Details
- Date: November 10, 1957 7:30 am
- Location: A road in Saint-Paul, Réunion
- Incident type: Bus accident
- Cause: Ruptured brakes

Statistics
- Bus: 1
- Passengers: At least 35
- Deaths: 27 (23 immediately, 4 later)
- Injured: 8
- Damage: One bus

= 1957 Saint-Paul bus accident =

The 1957 Saint-Paul bus accident took place on Sunday, 10 November 1957, on a road meandering down the steep mountainside above central Saint-Paul, one of the sub-prefectures of the island of Réunion. Caused by a rupture in the brakes of a bus on an incline, it killed 27 people and left a lasting mark on the collective memory of this French Indian Ocean département.

==Events==
At 7:30 on the sunny morning of Sunday, 10 November 1957, the brakes of a bus belonging to the transport authority failed at one of the sinuous curves of the winding road traveling down the mountainside above the city centre of Saint-Paul in the western part of the island. It had been chartered by the diocesan social workers of Father Favron and was transporting parishioners to a construction site in Sainte-Anne, a neighbourhood of Saint-Benoît. The vehicle involved was in the second in a convoy traveling Sainte-Anne, and the accident took place just a few moments after its departure from Le Guillaume district where all but two of the victims lived. The driver was a native of Le Port.

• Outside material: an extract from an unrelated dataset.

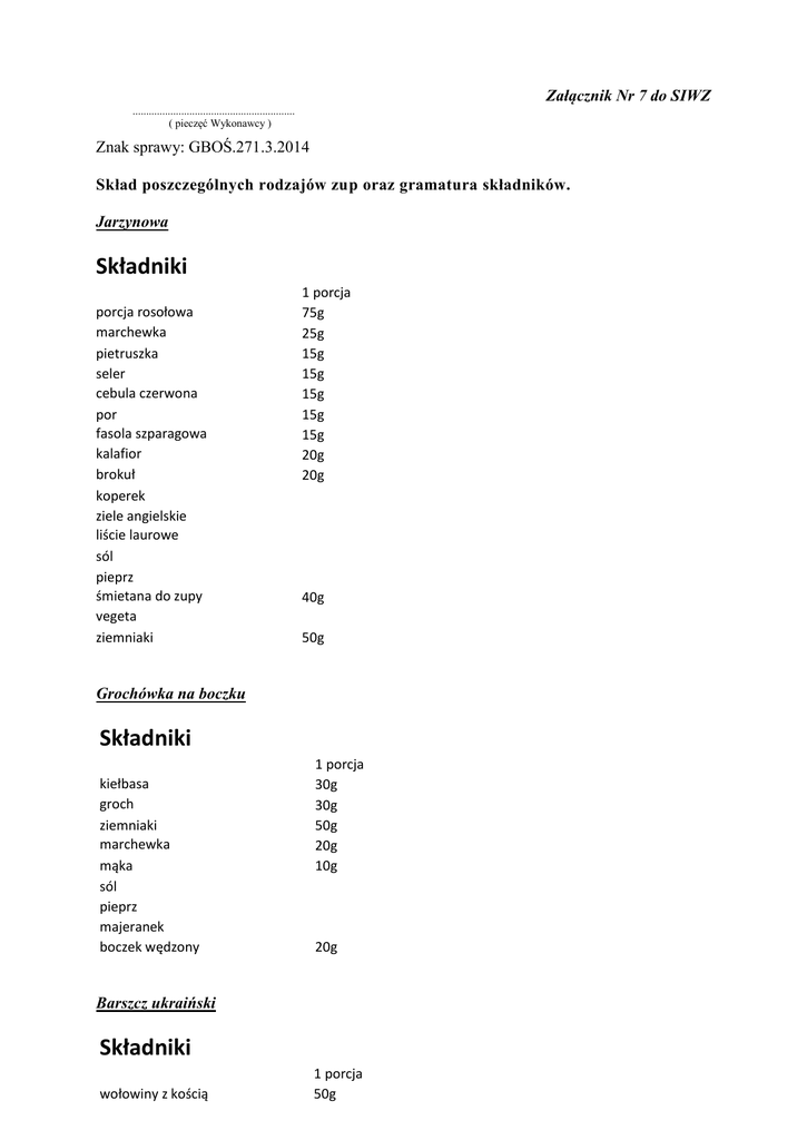 Załącznik Nr 7 do SIWZ ............................................................ ( pieczęć Wykonawcy ) Znak sprawy: GBOŚ.271.3.2014 Skład poszczególnych rodzajów zup oraz gramatura składników. Jarzynowa Składniki porcja rosołowa marchewka pietruszka seler cebula czerwona por fasola szparagowa kalafior brokuł koperek ziele angielskie liście laurowe sól pieprz śmietana do zupy vegeta ziemniaki 1 porcja 75g 25g 15g 15g 15g 15g 15g 20g 20g 40g 50g Grochówka na boczku Składniki kiełbasa groch ziemniaki marchewka mąka sól pieprz majeranek boczek wędzony 1 porcja 30g 30g 50g 20g 10g 20g Barszcz ukraiński Składniki wołowiny z kością 1 porcja 50g włoszczyzna buraki biała kapusta świeża fasola perłowa ziemniaki koncentrat pomidorowy śmietana mąka pszenna sól pieprz ziele angielskie liść laurowy 30g 50g 30g 20g 50g 20g 50g 10g Żurek Składniki żur 0,5 litra boczek woda żur 0,5 litra ziemniaki mąka sól pieprz czosnek kiełbasa jajko 1 porcja 50g 20g 20g 15g 5g 30g 1 szt. Ogórkowa Składniki kiszone ogórki skrzydełka warzywa mrożone ziemniaki koperek sól do smaku pieprz do smaku śmietana słodka 1 porcja 60g 75g 50g 50g 25g Krupnik Składniki ziemniaki 1 porcja 50g kiełbasa kasza marchew natka pietruszki por cebula masło sól do smaku pieprz do smaku seler 50g 25g 25g 10g 10g 15g 15g Pomidorowa Składniki porcja rosołowa skrzydełka marchew pietruszka liść lubczyku cebula koncentrat pomidorowy śmietana sól do smaku pieprz do smaku ryż 1 porcja 30g 50g 15g 15g 10g 20g 15g 80g Fasolka po bretońsku Składniki fasola biała fasola czerwona koncentrat pomidorowy gorczyca mielona boczek wędzony cebula sól pieprz woda kiełbasa 1 porcja 35g 35g 10g 20g 30g 30g

The bus tumbled 25 m before coming to rest at the foot of the cliff. One witness, M. Louisin, an employee of the mayor's office, was walking on the rue de la Caverne when he saw the bus plunge through the air and was paralysed for long moment before regaining his senses. The bus' roof detached and crashed on top of the passengers who may have reflexively tried to jump out of the bus during its fall in the hope of escaping the catastrophe, "a spectacular pirouette" that finished "with a horrific clatter", as the Journal de l'île de La Réunion observed on 12 November. Indeed, the sound of the accident could be heard hundreds of metres all around.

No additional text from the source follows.